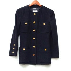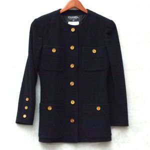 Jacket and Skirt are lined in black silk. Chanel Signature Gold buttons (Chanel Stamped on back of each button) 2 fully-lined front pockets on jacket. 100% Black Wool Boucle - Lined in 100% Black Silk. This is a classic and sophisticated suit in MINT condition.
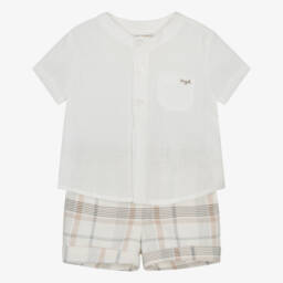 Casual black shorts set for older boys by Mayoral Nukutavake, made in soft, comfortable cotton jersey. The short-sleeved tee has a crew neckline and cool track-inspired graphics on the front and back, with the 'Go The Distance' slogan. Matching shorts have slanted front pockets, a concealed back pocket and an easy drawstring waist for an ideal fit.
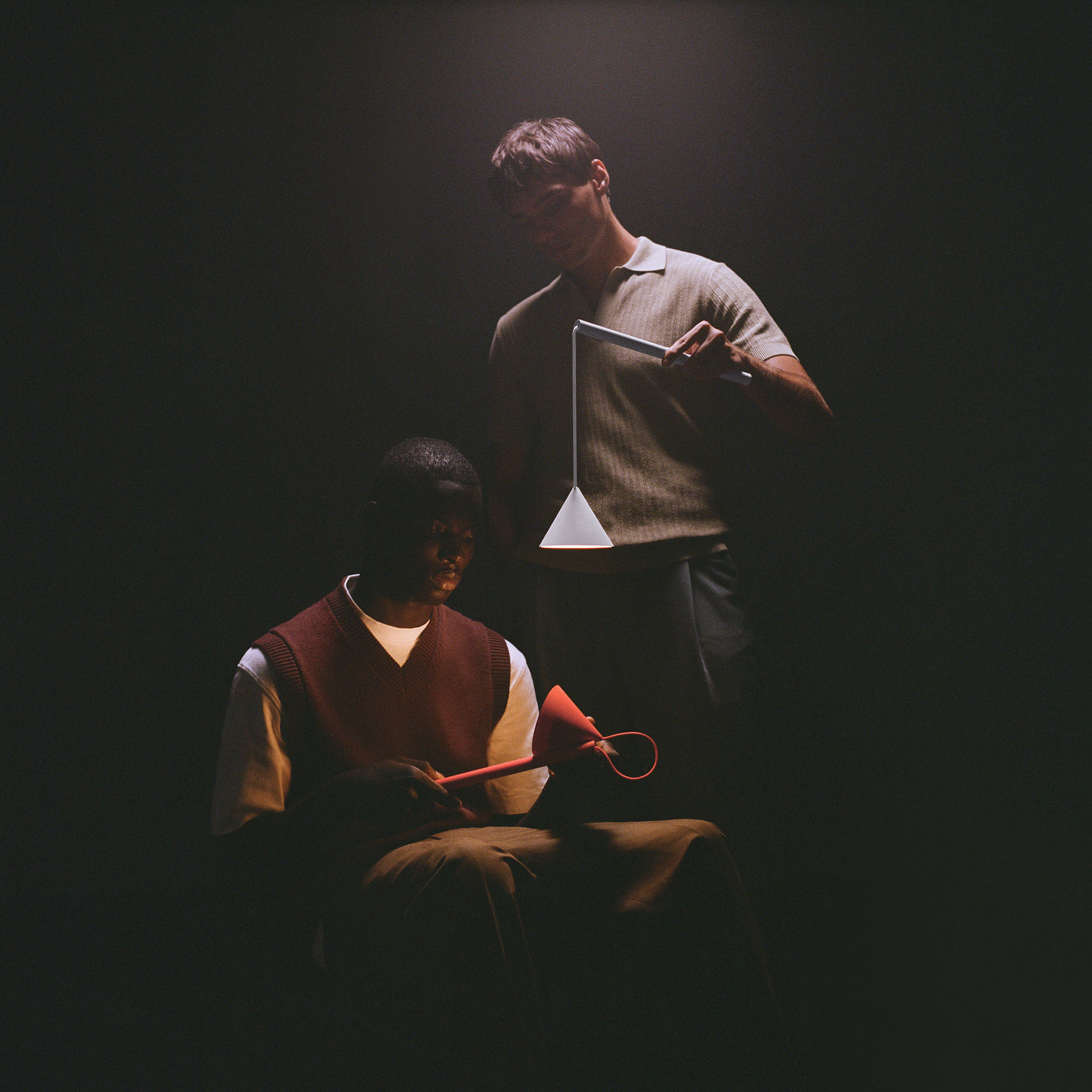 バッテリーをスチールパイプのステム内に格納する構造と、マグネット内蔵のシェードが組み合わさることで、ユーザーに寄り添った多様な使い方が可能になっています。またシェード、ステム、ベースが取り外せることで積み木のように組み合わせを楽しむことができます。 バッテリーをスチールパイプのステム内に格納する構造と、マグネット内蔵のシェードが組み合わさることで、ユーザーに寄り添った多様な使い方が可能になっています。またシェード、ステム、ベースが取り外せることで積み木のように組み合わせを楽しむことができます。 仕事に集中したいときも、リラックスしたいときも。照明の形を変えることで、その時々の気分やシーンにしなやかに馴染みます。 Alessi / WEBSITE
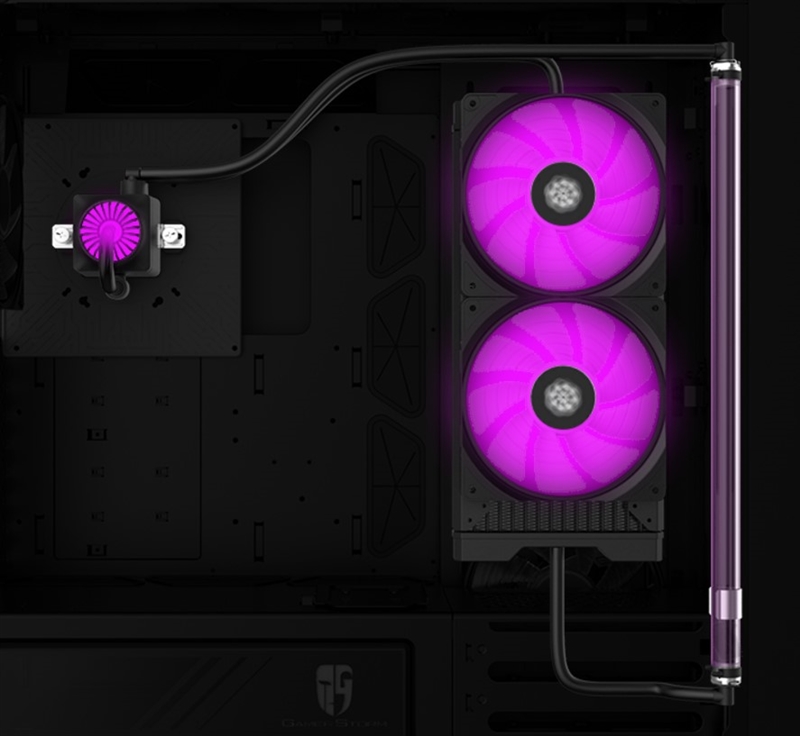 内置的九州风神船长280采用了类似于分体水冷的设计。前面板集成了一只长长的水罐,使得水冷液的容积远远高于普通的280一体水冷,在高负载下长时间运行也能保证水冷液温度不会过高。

+ + + + +

Required work: Please print the lines exactly, from the top of the material through the line with "Alessi / WEBSITE", and omit the pictures.

Response:
 Jacket and Skirt are lined in black silk. Chanel Signature Gold buttons (Chanel Stamped on back of each button) 2 fully-lined front pockets on jacket. 100% Black Wool Boucle - Lined in 100% Black Silk. This is a classic and sophisticated suit in MINT condition.
 Casual black shorts set for older boys by Mayoral Nukutavake, made in soft, comfortable cotton jersey. The short-sleeved tee has a crew neckline and cool track-inspired graphics on the front and back, with the 'Go The Distance' slogan. Matching shorts have slanted front pockets, a concealed back pocket and an easy drawstring waist for an ideal fit.
 バッテリーをスチールパイプのステム内に格納する構造と、マグネット内蔵のシェードが組み合わさることで、ユーザーに寄り添った多様な使い方が可能になっています。またシェード、ステム、ベースが取り外せることで積み木のように組み合わせを楽しむことができます。 バッテリーをスチールパイプのステム内に格納する構造と、マグネット内蔵のシェードが組み合わさることで、ユーザーに寄り添った多様な使い方が可能になっています。またシェード、ステム、ベースが取り外せることで積み木のように組み合わせを楽しむことができます。 仕事に集中したいときも、リラックスしたいときも。照明の形を変えることで、その時々の気分やシーンにしなやかに馴染みます。 Alessi / WEBSITE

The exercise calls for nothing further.